Smith v Western Metals Copper Ltd[2003] QDC 6

DISTRICT COURT OF QUEENSLAND[2003] QDC 006

PARTIES:

PAUL RAYMOND SMITH

(plaintiff)

-and-

WESTERN METALS COPPER LIMITED

(A.C.N. 004 664 108)

(first defendant)

-and-

CALTON HILLS PTY LTD

(A.C.N. 066 708 727)

(second defendant)

-and-

MOUNT ISA CITY COUNCIL

(third defendant)

FILE NO/S:

(D) 27 of 2000

DIVISION:

District Court

DELIVERED ON:

12 February 2003

DELIVERED AT:

Mt. Isa

HEARING DATE:

4 February 2003

JUDGE:

Forde D.C.J.

ORDER:

  1. That the judgment entered by the Respondent/Plaintiff against the Applicant/Third Defendant in default of appearance on 10 December 2002 be set aside.
  2. That the Applicant/Plaintiff have leave to defend and that the defence be filed and served within twenty-one (21) days.
  3. That the Applicant/Third Defendant do pay the costs of and incidental to the application of the Respondent/Plaintiff to be assessed on the scale appropriate where the amount recovered exceeds $50,000.00, including the costs thrown away by the default judgment.
  4. Liberty to apply.

CATCHWORDS:

Setting aside judgment in default of appearance — Rule 290 Uniform Civil Procedure Rules — defence on the merits

Aboyne Pty Ltd v. Dixon Homes Pty Ltd (1980) Qd. R. 142; National Mutual Life Association of Australasia Limited v. Oasis Developments Pty Ltd (1983) 2 Qd. R. 441; Troiani v Alfost Properties Pty Ltd Court of Appeal No. 9560 of 2001 judgment dated 2 August 2002.

APPEARANCES:

Mr L.A. Evans for Applicant/Third Defendant

Mr D. Moffatt of V.R. Moffatt & Associates for Respondent/Plaintiff

Introduction

  1. [1]
    The present application by the Third Defendant, Mt.
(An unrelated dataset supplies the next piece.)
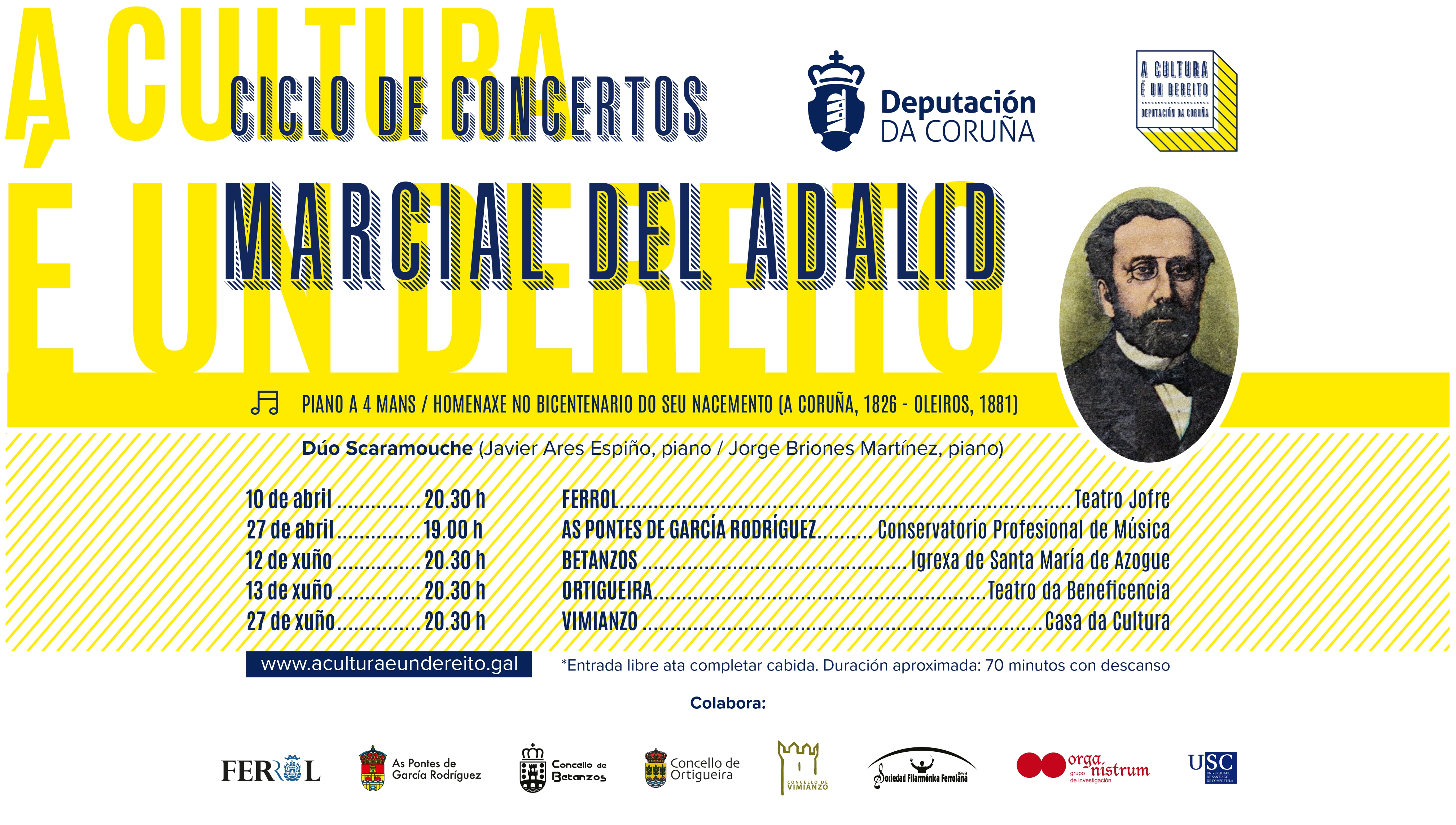 A música de Marcial del Adalid volverá soar con especial forza este ano na provincia coa posta en marcha do ciclo 'Marcial del Adalid. Piano a catro mans', promovido pola Deputación da Coruña no marco do bicentenario do seu nacemento. A proposta percorrerá Ferrol o 10 de abril, As Pontes o 27 de abril, Betanzos o 12 de xuño, Ortigueira o 13 de xuño e Vimianzo o 27 de xuño, sempre da man do Dúo Scaramouche, formado por Javier Ares e Jorge Briones. A primeira cita será no Teatro Jofre de Ferrol ás 20.30 horas.

Isa City Council (the “Applicant”) seeks to set aside a default judgment entered in this Court on 10 December 2001. The application was filed on 23 December 2002, over twelve (12) months later. It is made pursuant to rule 290 of the Uniform Civil Procedure Rules (“UCPR”). It is accepted that the judgment was regularly obtained. The judgment was obtained in default of appearance by the applicant. The action was commenced on 17 August 2000. Defences were filed by the First and Second Defendants on 29 August 2001 and 4 March 2002 respectively. The Applicant was served with the proceedings on 17 July 2001.
  1. [2]
    The Respondent/Plaintiff, Paul Raymond Smith, was injured on 20 August 1997, when the vehicle which he was driving ran into a ditch and he suffered personal injuries. He sues the First and Second Defendants as the lessees and occupiers of Gunpowder Road, near Mt. Isa. He alleges that the ditch was unguarded and no warning was given of its presence. It is not clear in the pleading as against the Applicant what its connection to the road is. Similar allegations of negligence are made against all defendants. However, in the draft defence (Exhibit AI 7), it is suggested that:

“7.…The Third Defendant states that:

  1. the Third Defendant has over 1000 kilometres of rural roads under its control, and it does not have sufficient resources to carry out inspections of all roads;
  2. the Third Defendant had an agreement with the First Defendant that the First Defendant would be responsible for day to day maintenance of the road and the Third Defendant would maintain signage on the Gunpowder Road;”
  1. [3]
    It is implicit in the proposed defence and it was common ground on the application that the Applicant has primary care of the Gunpowder Road but it then alleged that it had assigned responsibility for its upkeep (cross examination of Mr. Ahnfeldt p. 7 line 14). Mr. Ahnfeldt occupies the position of Risk Management and Facilities Administrator with the Applicant. Therefore, on the material before the Court on this application, a prima facie case of negligence has been pleaded against the defendants. The First and Second Defendants may have some overlapping duty in relation to the road (cross examination of Mr. Ahnfeldt p. 6 line 49). It is not necessary nor appropriate to make any particular findings against the First and Second Defendants on the present application.

Principles to be applied

  1. [4]
    The relevant principles to be applied are:
  1. Whether or not the Applicant has given a satisfactory explanation for the failure to file a Notice of Intention to Defend and Defence;
  2. Whether there has been any delay in making the application;
  3. Whether the Applicant has a prima facie defence on the merits of the claim.  (Aboyne Pty Ltd v Dixon Homes Pty Ltd (1980) Qd. R 142)
  1. [5]
    It is not often that if a defendant can show that it has an apparently good ground of defence, it should be refused the opportunity of defending, even though a lengthy interval of time had elapsed in making the application provided that no irreparable prejudice is thereby done to the plaintiff: N.M.L.A. v Oasis Developments (1983) 2 Qd. R. 441 per McPherson J. at 449.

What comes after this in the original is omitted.